Bujumbura (ANTARA News) - Saat dunia memperingati Hari Lepra pada Minggu (29/1), Burundi masih berjuang memerangi penyakit iti akibat pengungsi yang menyeberangi perbatasan dengan Tanzania dan Republik Demokratik Kongo (DRC), kata seorang pejabat kesehatan Burundi.

"Penyakit (lepra) ini ada di Burundi, tapi kasusnya berkurang. Pada 2016, sebanyak 420 kasus baru lepra dilaporkan di beberapa provinsi Burundi. Semua provinsi yang berbatasan dengan DRC dan Tanzania adalah yang paling terpengaruh," kata Dr. Thaddee Ndikumana, Kepala Program Terpadu Nasional bagi Pengendalian Lepra dan TB.

Menurut dia, semua kasus baru lepra itu muncul akibat "kontak fisik" antar-manusia, kebanyakan dari mereka pengungsi, di DRC dan di Tanzania, yang "jauh tertinggal" dalam upaya memerangi lepra, demikian laporan Xinhua.
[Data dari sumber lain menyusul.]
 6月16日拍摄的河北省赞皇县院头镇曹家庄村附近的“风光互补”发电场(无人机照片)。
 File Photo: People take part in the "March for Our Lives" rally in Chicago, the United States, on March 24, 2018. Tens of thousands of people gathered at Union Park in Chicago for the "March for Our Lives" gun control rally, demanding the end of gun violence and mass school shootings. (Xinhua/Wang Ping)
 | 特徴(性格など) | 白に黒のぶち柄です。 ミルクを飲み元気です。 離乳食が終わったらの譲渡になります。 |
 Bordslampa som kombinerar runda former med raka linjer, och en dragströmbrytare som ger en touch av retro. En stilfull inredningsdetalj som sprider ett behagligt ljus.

Dr. Ndikumana menyatakan provinsi yang paling terpengaruh dan berbatasan dengan kedua negara tersebut meliputi Cibitoke, Bubanza, Bujumbura, Rumonge, Bururi, Makamba dan Rutana.
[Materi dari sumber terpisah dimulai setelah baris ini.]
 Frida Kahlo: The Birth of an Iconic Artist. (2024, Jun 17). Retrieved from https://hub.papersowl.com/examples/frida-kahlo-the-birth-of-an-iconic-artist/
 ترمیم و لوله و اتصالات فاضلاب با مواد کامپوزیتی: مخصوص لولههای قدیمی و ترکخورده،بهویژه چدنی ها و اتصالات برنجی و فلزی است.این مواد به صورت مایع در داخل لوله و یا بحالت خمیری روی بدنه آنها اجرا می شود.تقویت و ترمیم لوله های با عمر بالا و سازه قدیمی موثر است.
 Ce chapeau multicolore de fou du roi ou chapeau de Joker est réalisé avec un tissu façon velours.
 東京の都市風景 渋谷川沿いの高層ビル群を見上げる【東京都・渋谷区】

"Sayangnya, banyak pasien lepra menunda pergi ke instalasi kesehatan untuk memperoleh perawatan gratis," katanya.

Ia menekankan penyakit itu dapat diobati dengan cepat dan mudah jika pasien melapor ke lembaga kesehatan tanpa menunda-nunda.

Hari Lepra Dunia diperingati pada Minggu terakhir pada Januari.

Lepra, yang dikenal sebagai salah satu penyakit paling tua di dunia, adalah penyakit menular kronis yang menyerang sistem syaraf, terutama syarif di bagian yang lebih dingin di tubuh yaitu tangan, kaki dan wajah.